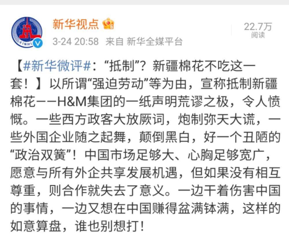 日前,H&M集团发布声明称,他们不与位于新疆的任何服装制造工厂合作,也不从该地区采购产品/原材料。
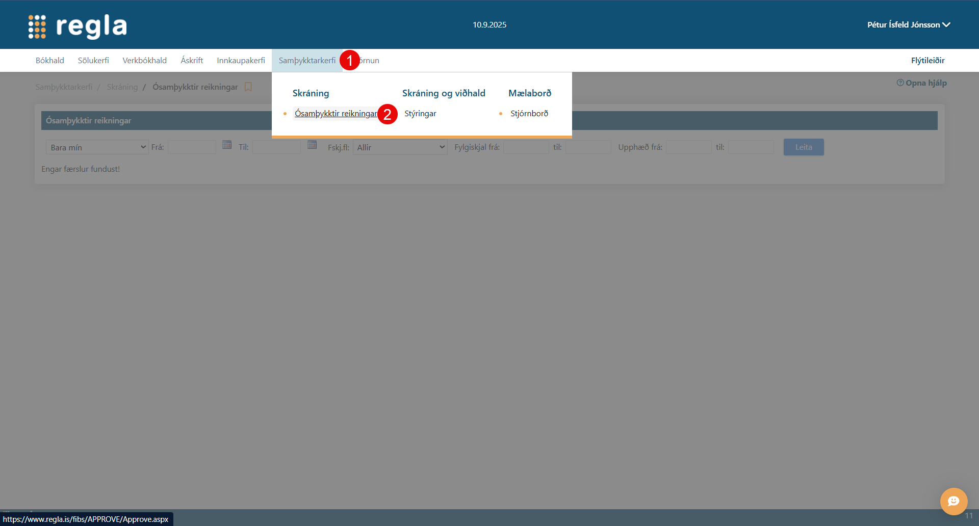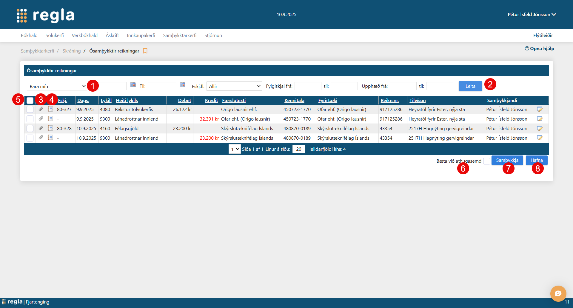 - Sýnir ósamþykkta reikninga eftir samþykkjendum
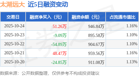 证券之星消息,10月24日,太湖远大(920118)融资买入64.12万元,融资偿还12.86万元,融资净买入51.26万元,融资余额946.84万元。
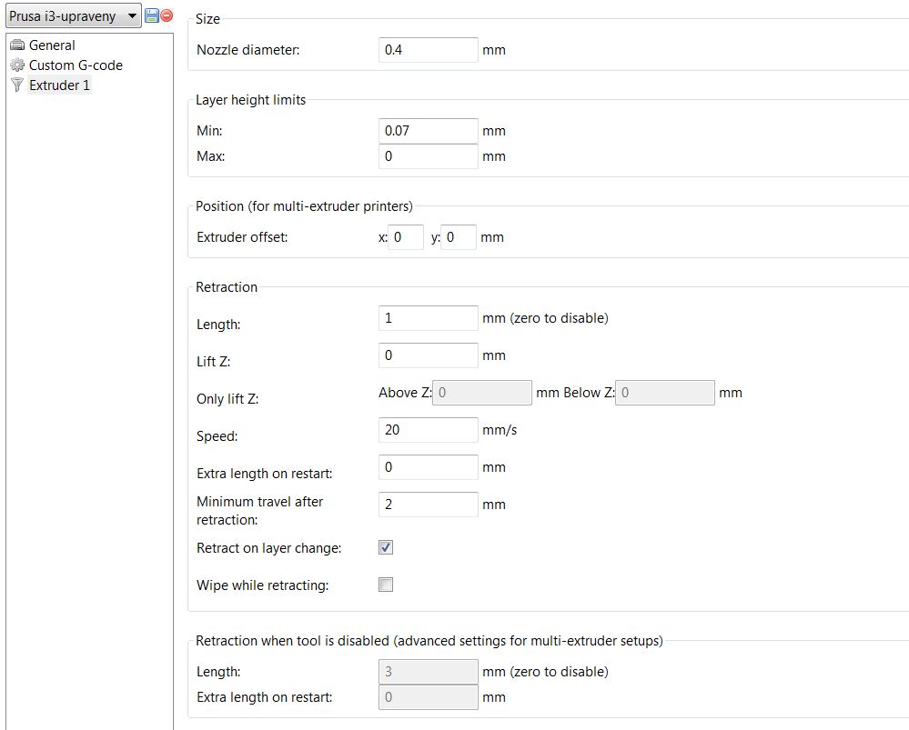 Ajaj...koukáš do kolonky pro retrakce na víceextruderové tiskárně - přímo je to tam napsané, byť anglicky. Ty se zajímej o 6 čtvereček shora. Teď je tam jednička.
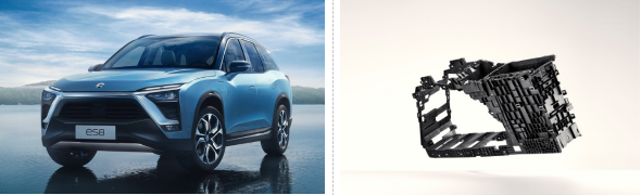 圖左:?車身流暢、色彩明快的新一代新能源汽車NIO ES8將亮相北歐化工和博祿以及諾瓦化學在2019 K展的聯合展臺。
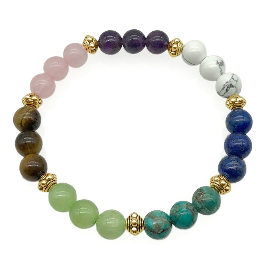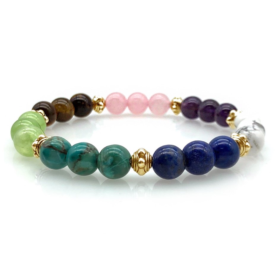 Multi Gemstone & Antique Gold Spacer Bead Beaded Stretchy Bracelet.
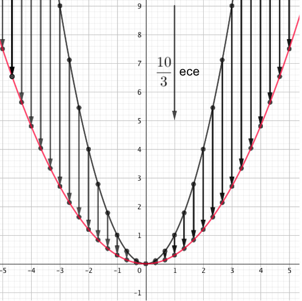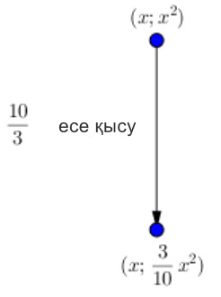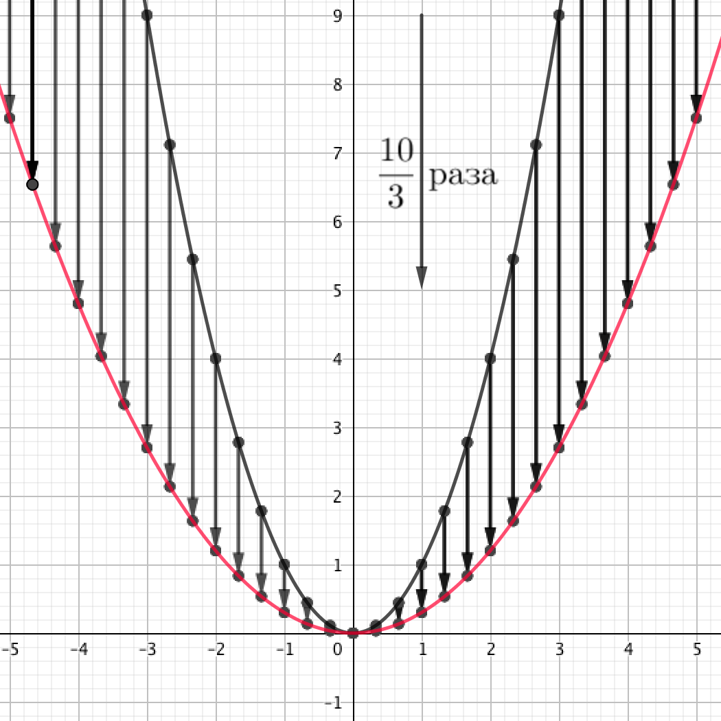 Возьмем одну точку вида \(\displaystyle (x;\, x^2)\) и сожмем ее в \(\displaystyle \frac{10}{3}\) раза вдоль оси \(\displaystyle \rm OY{\small ,} \) то есть уменьшим значение ординаты в \(\displaystyle \frac{10}{3}\) раза.
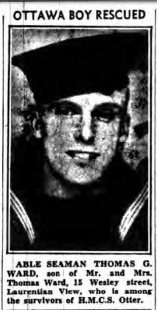 Ships served in: HMCS OTTER - AB Ward survived the sinking of HMCS OTTER
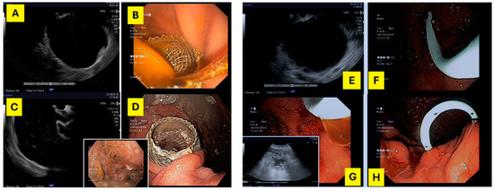 On the left—(A,C) echoendoscopic image of a 100 mm × 90 mm WON; (B,D) lumen-apposing metal stents (15 mm × 10 mm) placed transgastrically, draining the WON. On the right—(E) echoendoscopic image of a 71 mm × 87 mm pseudocyst; (F,H)—double pigtail plastic stent (7 Fr × 5 cm) placed transgastrically, draining the pseudocyst; (G) echoendoscopic image of residual collection after DPS drainage.
++++
■ Exercise prompt: Reproduce the material above verbatim; omit every picture.

■ Solved exercise:
 日前,H&M集团发布声明称,他们不与位于新疆的任何服装制造工厂合作,也不从该地区采购产品/原材料。
 - Sýnir ósamþykkta reikninga eftir samþykkjendum
 证券之星消息,10月24日,太湖远大(920118)融资买入64.12万元,融资偿还12.86万元,融资净买入51.26万元,融资余额946.84万元。
 Ajaj...koukáš do kolonky pro retrakce na víceextruderové tiskárně - přímo je to tam napsané, byť anglicky. Ty se zajímej o 6 čtvereček shora. Teď je tam jednička.
 圖左:?車身流暢、色彩明快的新一代新能源汽車NIO ES8將亮相北歐化工和博祿以及諾瓦化學在2019 K展的聯合展臺。
 Multi Gemstone & Antique Gold Spacer Bead Beaded Stretchy Bracelet.
 Возьмем одну точку вида \(\displaystyle (x;\, x^2)\) и сожмем ее в \(\displaystyle \frac{10}{3}\) раза вдоль оси \(\displaystyle \rm OY{\small ,} \) то есть уменьшим значение ординаты в \(\displaystyle \frac{10}{3}\) раза.
 Ships served in: HMCS OTTER - AB Ward survived the sinking of HMCS OTTER
 On the left—(A,C) echoendoscopic image of a 100 mm × 90 mm WON; (B,D) lumen-apposing metal stents (15 mm × 10 mm) placed transgastrically, draining the WON. On the right—(E) echoendoscopic image of a 71 mm × 87 mm pseudocyst; (F,H)—double pigtail plastic stent (7 Fr × 5 cm) placed transgastrically, draining the pseudocyst; (G) echoendoscopic image of residual collection after DPS drainage.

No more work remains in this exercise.